Cincinnati City Council members are considering putting Halloween trick-or-treat on a permanent weekend schedule.

Liz Keating has introduced a motion to move the annual tradition permanently to weekend evenings but says the change will only happen if a city-wide survey reflects the “community has a shared interest.” She says that she wants to know what parents think about the potential action.

Council’s co-sponsors to the motion include Meeka Owens, Scotty Johnson and Reggie Harris.  

The motion language says the change will “aid in keeping our city’s children and youth safe, providing more visibility for both pedestrians and drivers, and creating more accessibility for parents and guardians.”

The month of October has the highest rate of pedestrian injuries and fatalities among children, according to Safe Kids Worldwide, a nonprofit that works to keep kids safe from injuries.

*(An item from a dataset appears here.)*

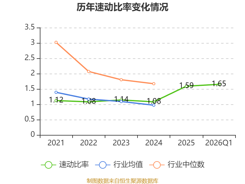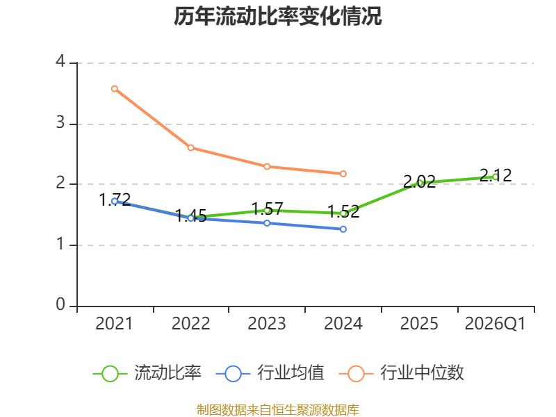 2026年第一季度,公司流动比率为2.12,速动比率为1.65。

Halloween is the worst day of the year for these crashes. While pedestrian crashes among children have trended downward nationally over the past 20 years, pedestrian crashes overall have trended upward, according to data from the U.S. Department of Transportation.


Most pedestrian crashes involving children, about 69%, happened when the child was located in the roadway, not in the area of an intersection.

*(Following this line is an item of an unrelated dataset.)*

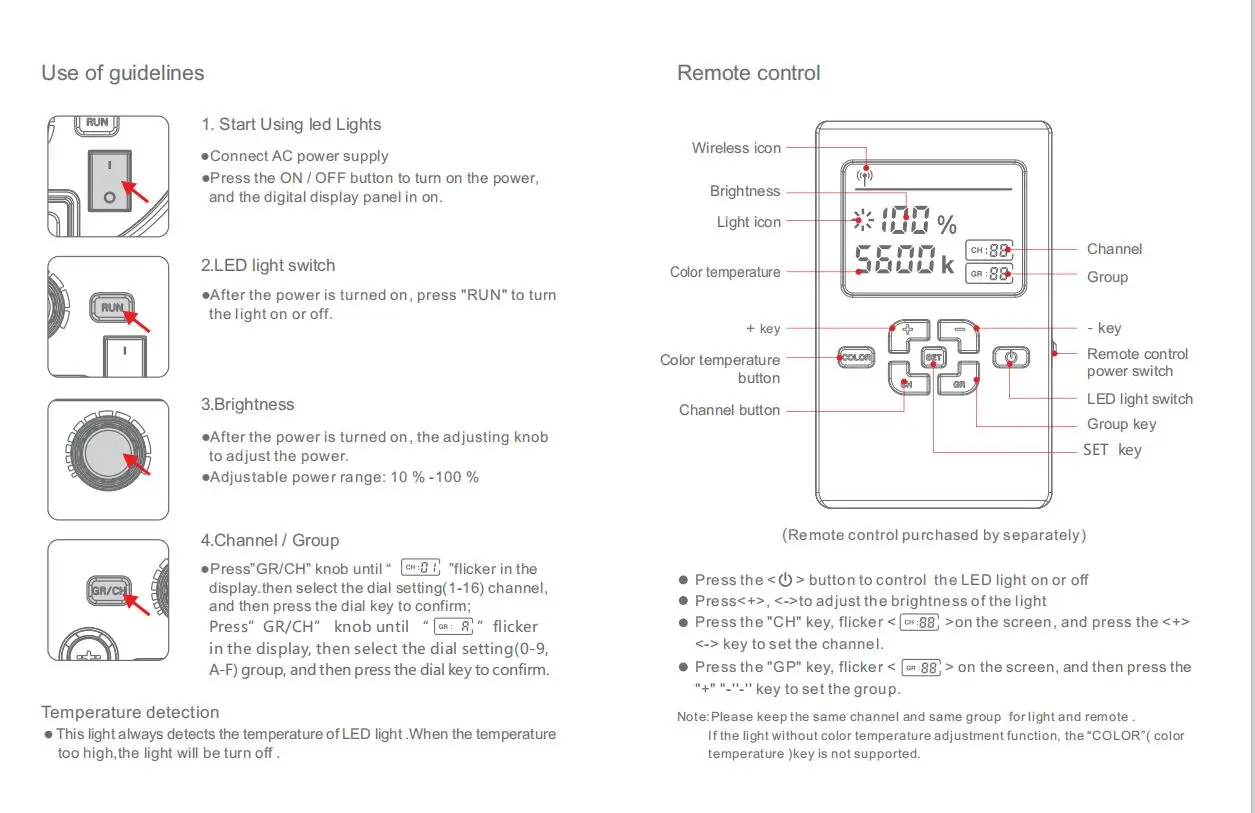 The guider no higher than 95 , which truly reduces the color of the object. Optional remote control, 2.4 GHz wireless grouping control with 16 groups

To maximize safety for kids during trick-or-treat, Safe Kids Worldwide suggests that trick-or-treaters and parents:
  • Cross the street at corners, using traffic signals and crosswalks.
  • Put electronic devices down, look left, right and left again when crossing.
  • Teach children to make eye contact with drivers before crossing in front of them.
  • Always walk on sidewalks or paths. If there are no sidewalks, walk facing traffic as far to the left as possible.
  • Teach children to never dart out into the street or cross between parked cars.
  • Join kids under age 12 for trick-or-treating. If kids are mature enough to be out without supervision, tell them to stick to familiar areas that are well lit and trick-or-treat in groups.
Council's potential change would not apply to Halloween this year; that trick-or-treat is still scheduled for Monday, Oct. 31 from 6-8 p.m.